REQUIRED WORK:
When you set down the entries, keep every word exactly as it is but drop the pictures.

--

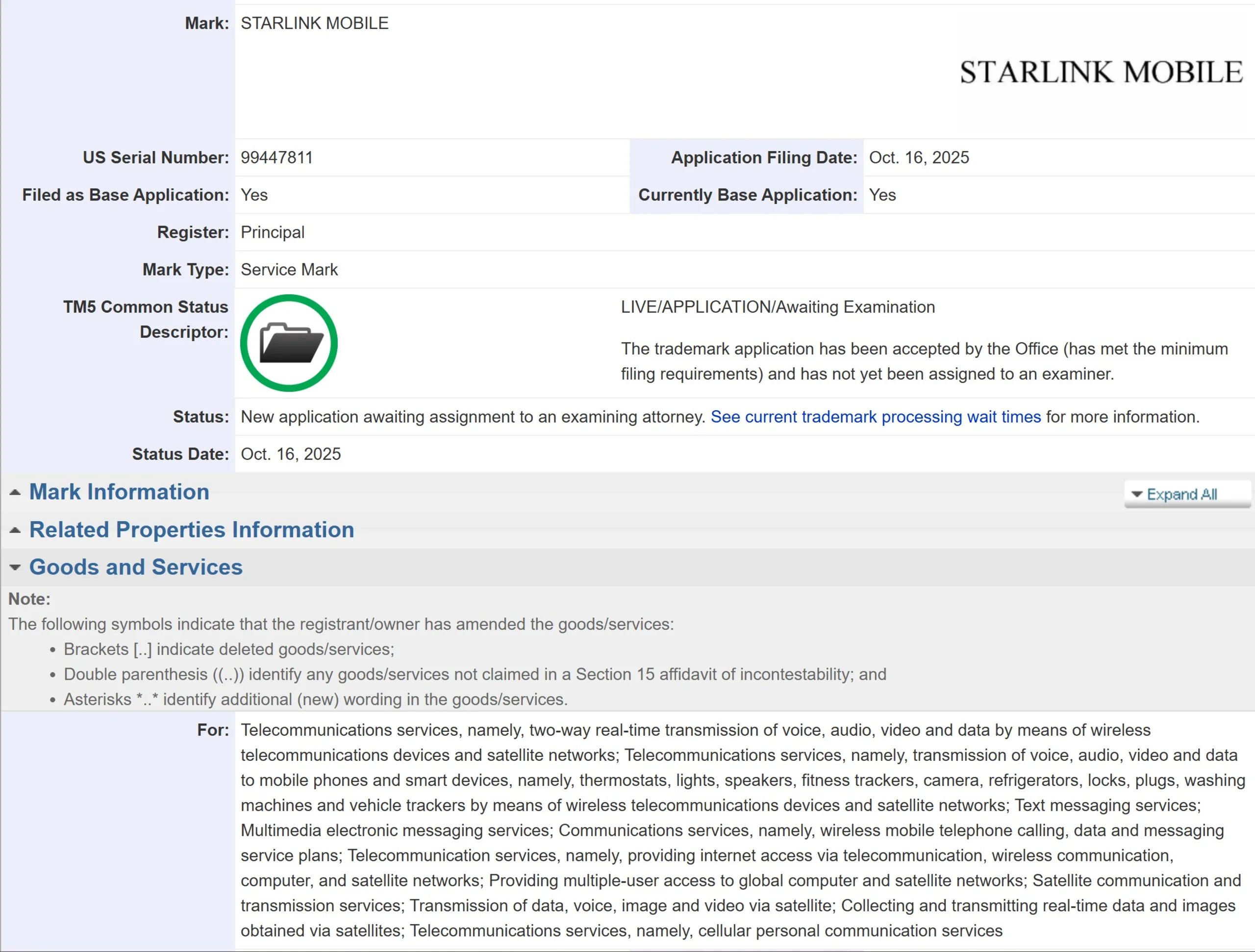 To bring this vision to reality, SpaceX has now filed for the name of the undertaking, trademarking Starlink Mobile at the USPTO, and the scope of the new brand's services sounds suspiciously like the birth of a new cell phone carrier, just beaming voice and data from space, rather than from terrestrial cell towers:
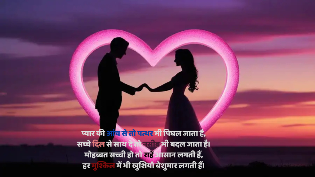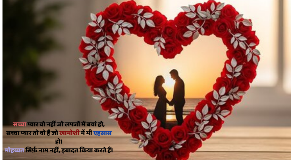 सच्चा प्यार प्यार बढ़ाने वाली शायरी सच्चे इश्क़ की मोहब्बत भरी गहराइयाँ सच्चे प्यार की गहराई और अनोखे एहसासों को प्रकट करती यह शायरी आपके दिल को छू जाने वाली मोहब्बत के जज़्बातों को खूबसूरती से बयाँ करती है। इसमें त्याग, समर्पण, विश्वास और आत्मा की सच्ची जुड़ाव की बातें हैं,
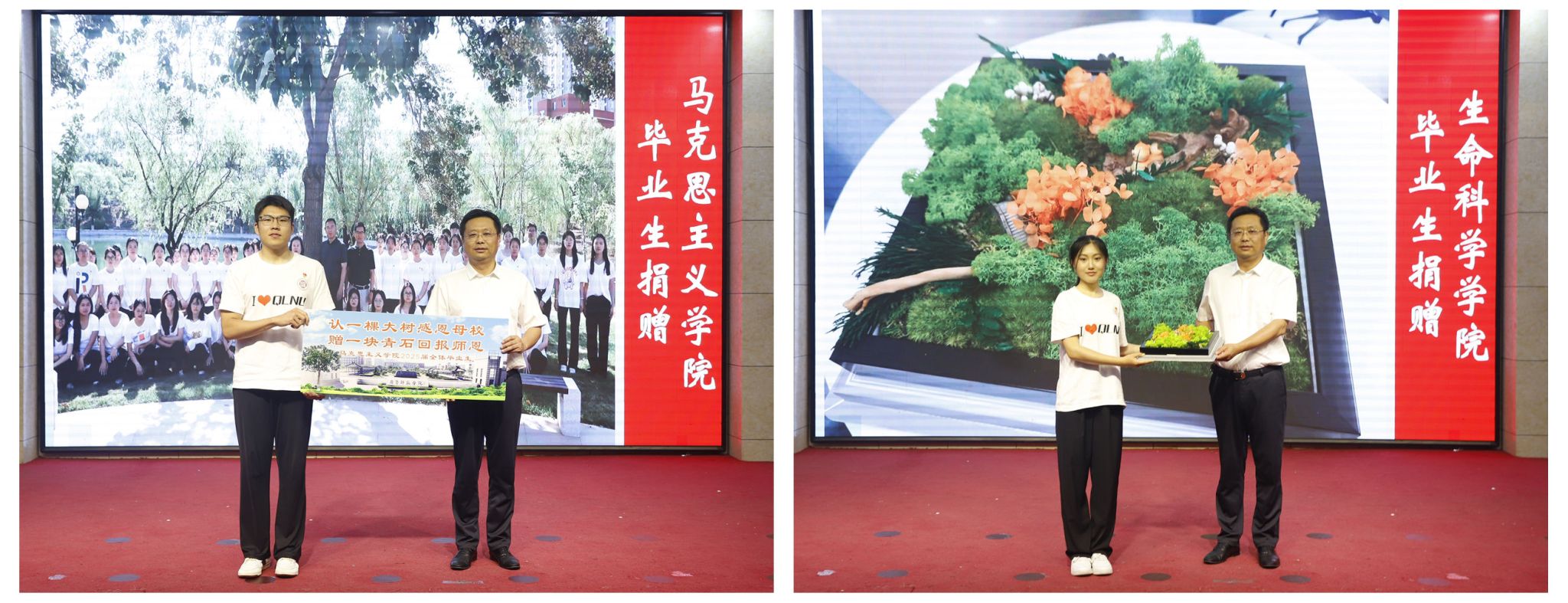 “认一棵大树感恩母校,赠一块青石回报师恩”,为感谢学校的悉心培育,马克思主义学院毕业生代表向学校捐赠“求真砺行”青石,并认养一颗槐树;生命科学学院毕业生代表向学校赠送“青蕤印·生科心”造景作品。郑秀文代表学校向毕业生代表赠送师院文创纪念品和书籍,勉励同学们厚植家国情怀、激扬青春理想,努力成长为德才兼备的时代新人,书写无愧于时代的青春答卷。
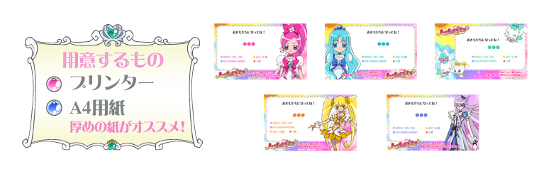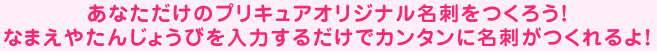 あなただけのプリキュアオリジナル名刺をつくろう!なまえやたんじょうびを入力するだけでカンタンに名刺が作れるよ!
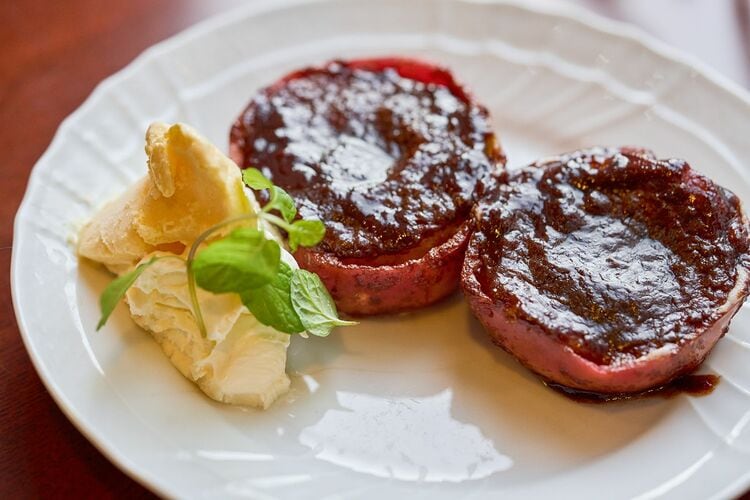 そんなこだわりの珈琲とともに味わいたいのが、良江さん手作りの冬季限定メニュー「焼きリンゴ」だ。当初はアップルパイを考えていたが、他店と同じになってしまうため変更したという。りんご本来の香りと甘みを引き出すため、生のまま30分かけてじっくり焼き上げ、熱々のシナモンバターとともに供される贅沢な一皿である。

--

TASK RESULT:
 To bring this vision to reality, SpaceX has now filed for the name of the undertaking, trademarking Starlink Mobile at the USPTO, and the scope of the new brand's services sounds suspiciously like the birth of a new cell phone carrier, just beaming voice and data from space, rather than from terrestrial cell towers:
 सच्चा प्यार प्यार बढ़ाने वाली शायरी सच्चे इश्क़ की मोहब्बत भरी गहराइयाँ सच्चे प्यार की गहराई और अनोखे एहसासों को प्रकट करती यह शायरी आपके दिल को छू जाने वाली मोहब्बत के जज़्बातों को खूबसूरती से बयाँ करती है। इसमें त्याग, समर्पण, विश्वास और आत्मा की सच्ची जुड़ाव की बातें हैं,
 “认一棵大树感恩母校,赠一块青石回报师恩”,为感谢学校的悉心培育,马克思主义学院毕业生代表向学校捐赠“求真砺行”青石,并认养一颗槐树;生命科学学院毕业生代表向学校赠送“青蕤印·生科心”造景作品。郑秀文代表学校向毕业生代表赠送师院文创纪念品和书籍,勉励同学们厚植家国情怀、激扬青春理想,努力成长为德才兼备的时代新人,书写无愧于时代的青春答卷。
 あなただけのプリキュアオリジナル名刺をつくろう!なまえやたんじょうびを入力するだけでカンタンに名刺が作れるよ!
 そんなこだわりの珈琲とともに味わいたいのが、良江さん手作りの冬季限定メニュー「焼きリンゴ」だ。当初はアップルパイを考えていたが、他店と同じになってしまうため変更したという。りんご本来の香りと甘みを引き出すため、生のまま30分かけてじっくり焼き上げ、熱々のシナモンバターとともに供される贅沢な一皿である。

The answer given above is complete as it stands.